My answer is based on @Joel's answer which was in turn based on @Timwi's answer. I present it as the most beautiful and simple correct answer, though certainly not the best performing (the fold using + kills that; but the main beautifying improvement is using ParseCombiningCharacters and GetNextTextElement instead of that sanity testing TextElementEnumerator. And adding Reverse as an extension of String is nice too):

open System
open System.Globalization

type String with
    member self.Reverse() = 
        StringInfo.ParseCombiningCharacters(self)
        |> Seq.map (fun i -> StringInfo.GetNextTextElement(self, i))
        |> Seq.fold (fun acc s -> s + acc ) ""

Usage:

> "\uD800\uDC00\u0061\u0300\u00C6".Reverse();;
val it : string = "Æà"

Edit:

I dreamed up this novel variation as well on the car-ride home, which likely performs better since we use String.concat. The type extension is omitted:

let rev str =
    StringInfo.ParseCombiningCharacters(str) 
    |> Array.rev
    |> Seq.map (fun i -> StringInfo.GetNextTextElement(str, i))
    |> String.concat ""

Edit (best solution so far):

This solution uses yet another StringInfo method for enumerating text elements which again avoids using the unpleasant to work with TextElementEnumerator but doesn't result in twice as many calls to the internal StringInfo.GetCurrentTextElementLen like the previous solution.

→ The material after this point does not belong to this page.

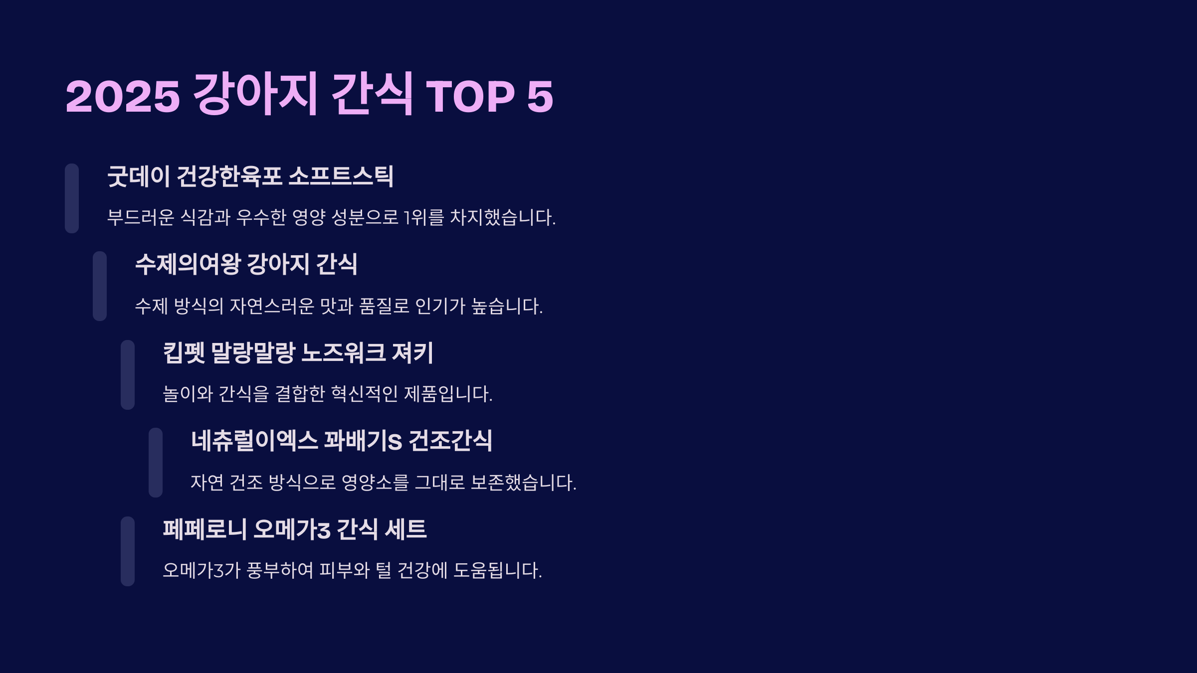 이 기준에 따라 2025년 강아지 간식 추천 리스트가 만들어졌어요. 다음 문단에서는 실제로 수의사들이 추천한 간식 TOP 5를 소개할게요! 🐾

I also use in-place array reversal this time which results in a notable performance improvement.

let rev str =
    let si = StringInfo(str)
    let teArr = Array.init si.LengthInTextElements (fun i -> si.SubstringByTextElements(i,1))
    Array.Reverse(teArr) //in-place reversal better performance than Array.rev
    String.Join("", teArr)

The above solution is basically equivalent to the following (which I worked up in hopes that we could squeak out a bit more performance, but I can measure no significant difference):

let rev str =
    let ccIndices = StringInfo.ParseCombiningCharacters(str)
    let teArr = 
        Array.init 
            ccIndices.Length 
            (fun i -> 
                if i = ccIndices.Length-1 then
                    str.Substring(i)
                else
                    let startIndex = ccIndices.[i]
                    str.Substring(startIndex, ccIndices.[i+1] - startIndex))
    Array.Reverse(teArr) //in-place reversal better performance than Array.rev
    String.Join("", teArr)
Stephen Swensen
  • 22,107
  • 9
  • 81
  • 136
  • Your second version is very clever! My cursory tests show no significant performance difference between that version and one that uses `TextElementEnumerator` with a sequence expression. I think I prefer your approach. – Joel Mueller Dec 30 '10 at 01:10
  • I took a look with reflector, and I believe that your approach ends up calling the internal method `StringInfo.GetCurrentTextElementLen` twice as many times as `TextElementEnumerator` does. If performance is critical and strings are large, some variation using the enumerator will probably do best. – Joel Mueller Dec 30 '10 at 01:19
  • Hi @Joel, thanks for reflecting that, I was curious how repeated calls to `GetNextTextElement` would compare to using the `TextElementEnumerator`. It's just as well for `TextElementEnumerator` to perform better, creating a `String` extension member, perhaps a getter property called `TextElements`, which returns a sequence like your `elements` implementation would be easiest to work with in the long run. – Stephen Swensen Dec 30 '10 at 01:32
  • That's at least quadratic time when it could be linear though, right? – J D Dec 31 '10 at 16:14
  • @Jon, I don't think so: the internal calls to `StringInfo.GetCurrentTextElementLen` appear to be O(1) therefore both @Joel's and my optimal solutions are linear. I performed some benchmarks with Unicode strings of (char) length 4, 8, 12, and 16 million which show linear time. – Stephen Swensen Dec 31 '10 at 17:30
  • I mean the `+` in the `fold` in the first version. For 10k, 20k, 40k and 80k strings I get 0.46s, 1.45s, 4.22s and 146s. – J D Dec 31 '10 at 22:39
  • @Jon, ah yeah, definitely. That was just a toy solution, I would never use it in production :). I was thinking of using a `StringBuilder` in the fold with Inserts at 0, but I'm not sure that would be much better since the internal array would need to be rebuilt each time. Alas, some variation using an in-place array reversal would be best here. – Stephen Swensen Jan 01 '11 at 01:25
5

I can't believe that nobody here is providing a generic solution to this!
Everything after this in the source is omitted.